Евреи получили эти естественные права, когда Россия перенесла величайшие потрясения и гибель великой страны. Но дел нет, торговли нет и ехать некуда.
Борис Окман
Ко мне обратился незнакомый молодой человек с просьбой принять защиту его тестя. По обвинительному акту некий Окман обвинялся в краже при следующих обстоятельствах. К отходу вечерних поездов около касс собирается много народа на вокзале Ростова. Стоявший для покупки билетов отставной полковник Z был стиснут публикой и в это время почувствовал, что в боковой карман его тужурки просунулась рука и выхватила бумажник, в котором находилось 3500 рублей. Он схватил за руку вора, позвал жандарма и задержали человека, которого полковник держал за руку. При обыске бумажник не найден — очевидно передан соучастнику. Задержанным оказался еврей Б. Окман, судившийся за мошенничество и отбывший наказание (справка о судимости). В кармане Окмана найден неиспользованный билет второго класса на проезд от Ростова до станции Чертково, взятый накануне, паспорт без прописки в Ростове и 375 рублей. Привлеченный объяснил, что кражи не произвел, недоумевает, почему его схватил за руку стоявший впереди его военный. В Ростов он приехал по семейному делу. Не имея права жительства, он не мог прописаться. Пробыл в Ростове два дня. Билет до Чертково взял, предполагая проехать ночь и выспаться в вагоне, а утром возвратиться в Ростов, но на вокзале разговорился с незнакомым евреем, который приютил его на ночь. Адреса и фамилии еврея этого не может указать, не знает. Судим был 26 лет тому назад. Живет всегда в Орле, домовладелец, имеет там торговлю, от роду 62 года. Потерпевший подтвердил показание, данное жандарму, добавив, что лицо задержанного он увидел, когда схватил его за руку, и все произошло с большой быстротой.
— Да, — сказал я, — дело невеселое. Плохо неопределенное показание Окмана и прежняя судимость.
Пришедший молодой человек горячо возражал против обвинения:
— Надо знать господина Окмана, чтобы и мысли не допустить, что он может лезть в чужой карман. Я могу привезти десятки удостоверений от банков, от крупных фирм и лиц, наилучше рекомендующих Окмана. Это ужасно! Мы здесь так одиноки и несчастны!
— Почему, имея средства, вы не хлопотали об освобождении Окмана до суда? — спросил я.

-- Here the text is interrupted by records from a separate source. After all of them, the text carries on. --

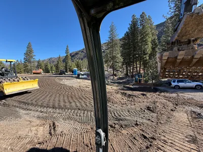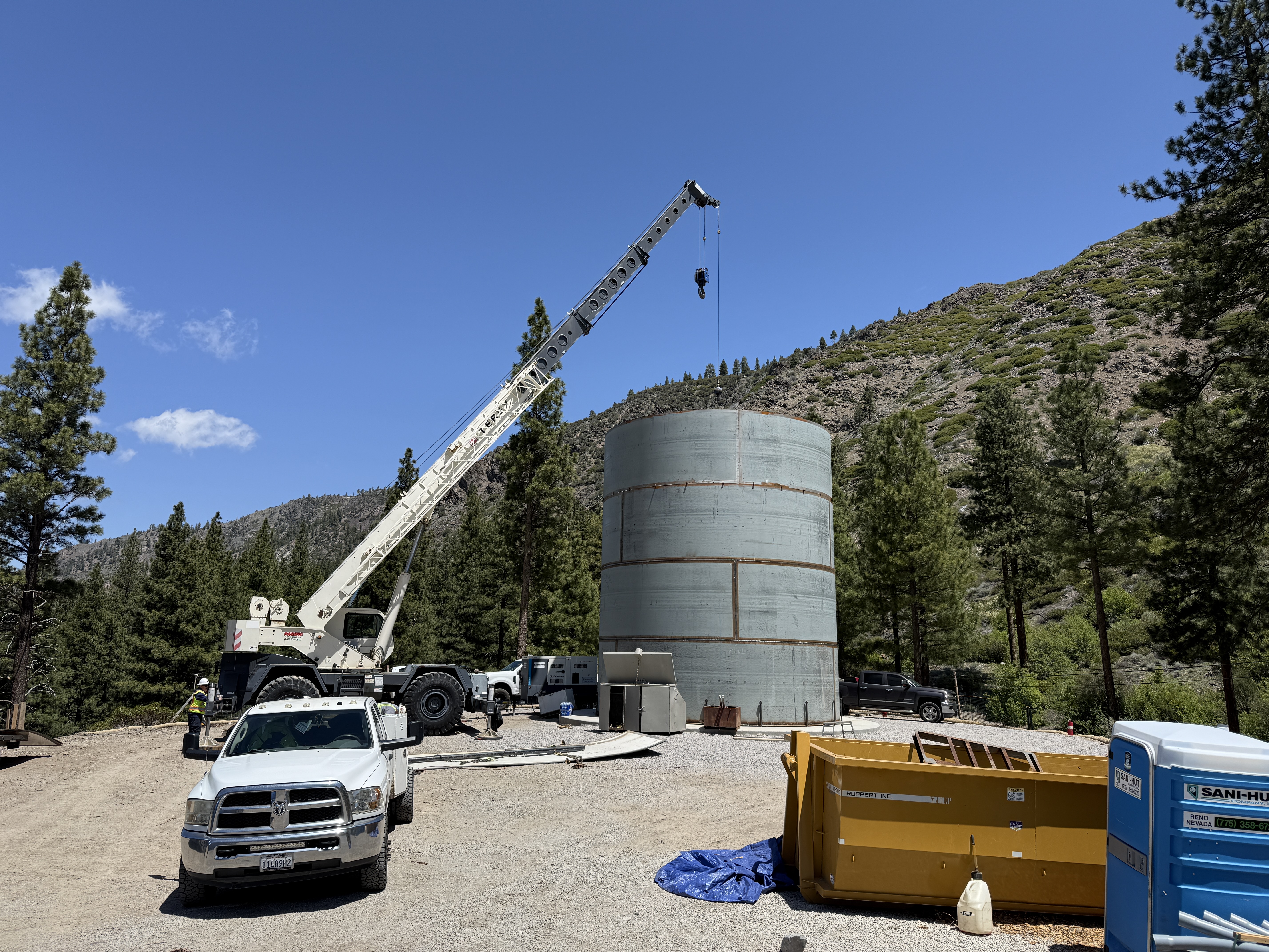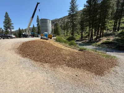 A crane is positioned to lift or place a large cylindrical tank on a prepared foundation area. Several vehicles, including a white truck and a portable sanitation unit, are present near the work area. Trees and a mountainous landscape surround the site, indicating a remote or rural location. Workers appear to be present on-site, suggesting ongoing activities.
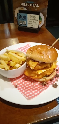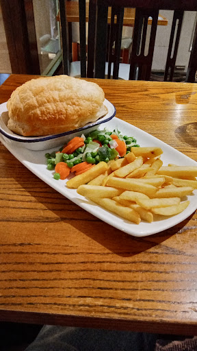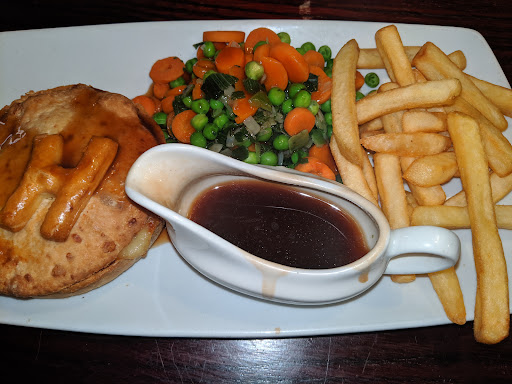 The food, well, Burger and Chips portion was tiny, even for the reasonably small price it cost. The Chicken your way was a chicken breast and chips with your choice of toppings, cheese, Mexican hot sauce and bbq sauce, only 1 of which was actually given on the dish and the chicken was really dry. Lastly, BBQ Wings and Steak Pie, the BBQ Wings were actually amazing, the sauce was nice, though it could of done with a little more but the chicken was moist and crispy. The Steak Pie though, the pastry was over cooked and dry as hell, the chips were overcooked and the veg was not even worth writing about. The steak itself was nicely cooked but the gravy...the gravy is not red wine in the slightest and if it is then its been cooked to hell and drowned out by stock, its not fresh and I'm sorry to the chefs but if its home-made it's bloody awful, the gravy was like black jelly, far too thick and the flavour was that of cheap stock cube and it was glossy.
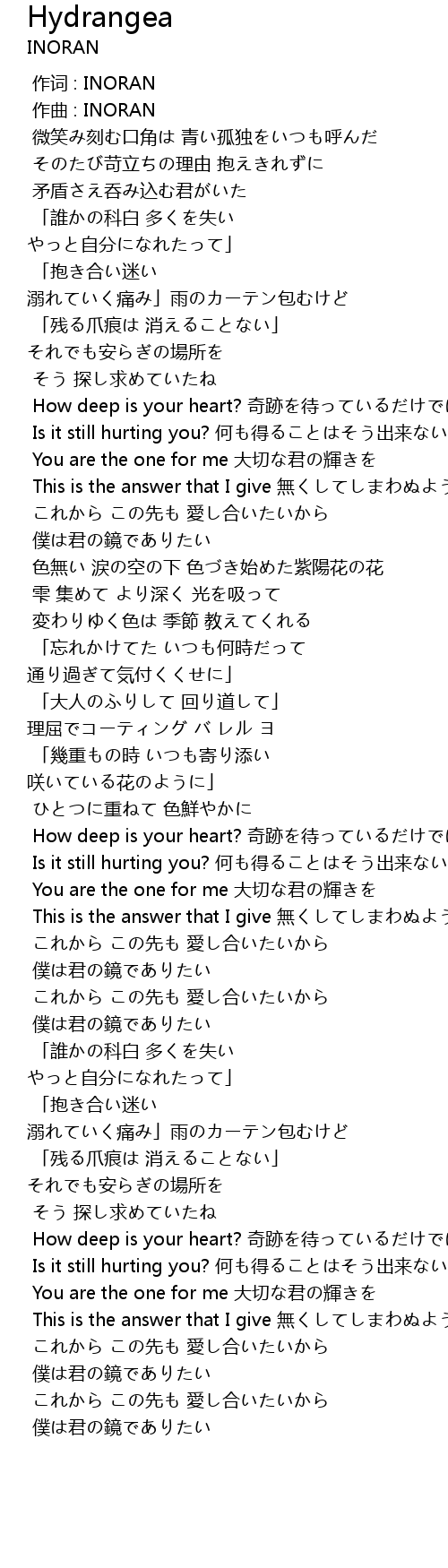 | [02:12.069] | 色無い 涙の空の下 色づき始めた紫陽花の花 |
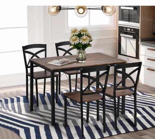 Generic - طقم طاولة طعام مع كراسي، خشب ام دي اف وستيل، بني وأسود، 120×80×80 سم (4)
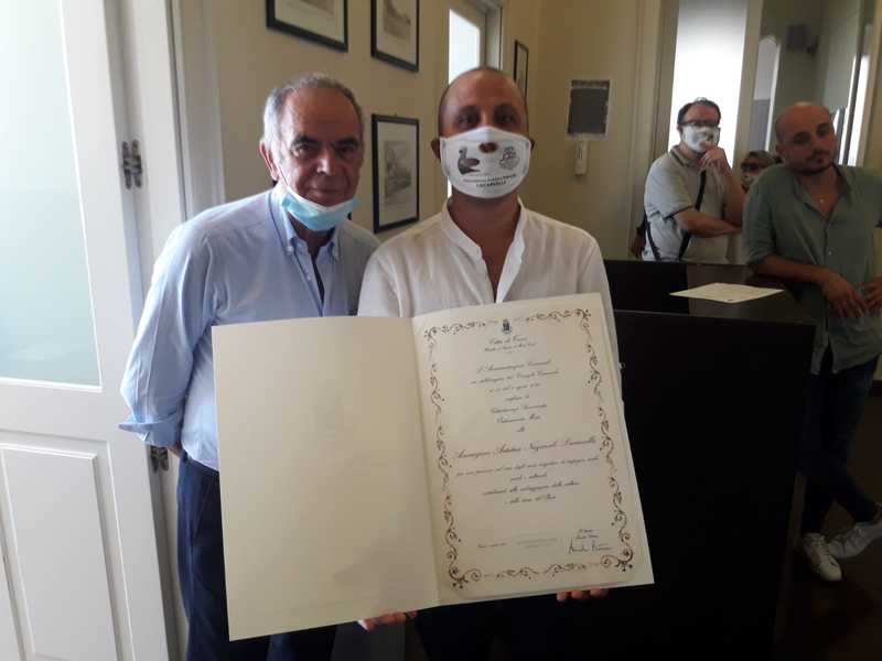 «Per i suoi meriti professionali, essendosi distinto per continuità, dedizione e assoluta capacità lavorativa». Questa è la motivazione con la quale il cavalier Luigi Muciaccia, 90 anni, ha ricevuto la cittadinanza benemerita “Sigillo della città” dal sindaco, Amedeo Bottaro, sulla base della deliberazione del consiglio comunale numero 58 dello scorso 4 agosto 2020.

— К несчастью, мы вас не знали и обратились к[248]. Он обещал все нужное сделать и сказал, что недели через две Окман будет свободен. Я уехал. Через две недели получил уведомление адвоката, что следователь рассмотрит прошение, когда закончит следствие. Мы терпеливо ожидали еще две недели, я поехал вторично сюда, промучился дней десять, и адвокат объявил, что следователь отказал. Я пошел лично к следователю. Он не хотел со мной разговаривать, как с лицом, ему неизвестным. Мне посоветовали поехать к прокурору в Таганрог. Меня принял его секретарь и объяснил, что дело уже в суде и будет скоро слушаться, а жалоба затянет. И вот только теперь дело назначено — через четыре с половиной месяца. Умоляю вас поехать в тюрьму поговорить с Окманом, и вы убедитесь, что он страдает невинно.
Не улыбалась мне защита, но отказать нельзя было. Крепко запало в мою память сказанное зятем Окмана: «Мы здесь одиноки и так несчастны!»
В тюрьму я имел свободный доступ к заключенным, получившим обвинительный акт. Начальник тюрьмы, мой давний знакомый, знал, что я не злоупотреблю его доверием. Прокурорский надзор также не возражал против моих свиданий с заключенными без особого ордера. Так было в старинку в провинции у нас. Поехал в тюрьму.
Привели Окмана. Первое впечатление было хорошее: приличный на вид пожилой человек, хорошо говорит по-русски, благодарил, что я приехал. Лицо скорбное, истомленное тюрьмой. Просил его рассказать с мельчайшими подробностями происшедшее.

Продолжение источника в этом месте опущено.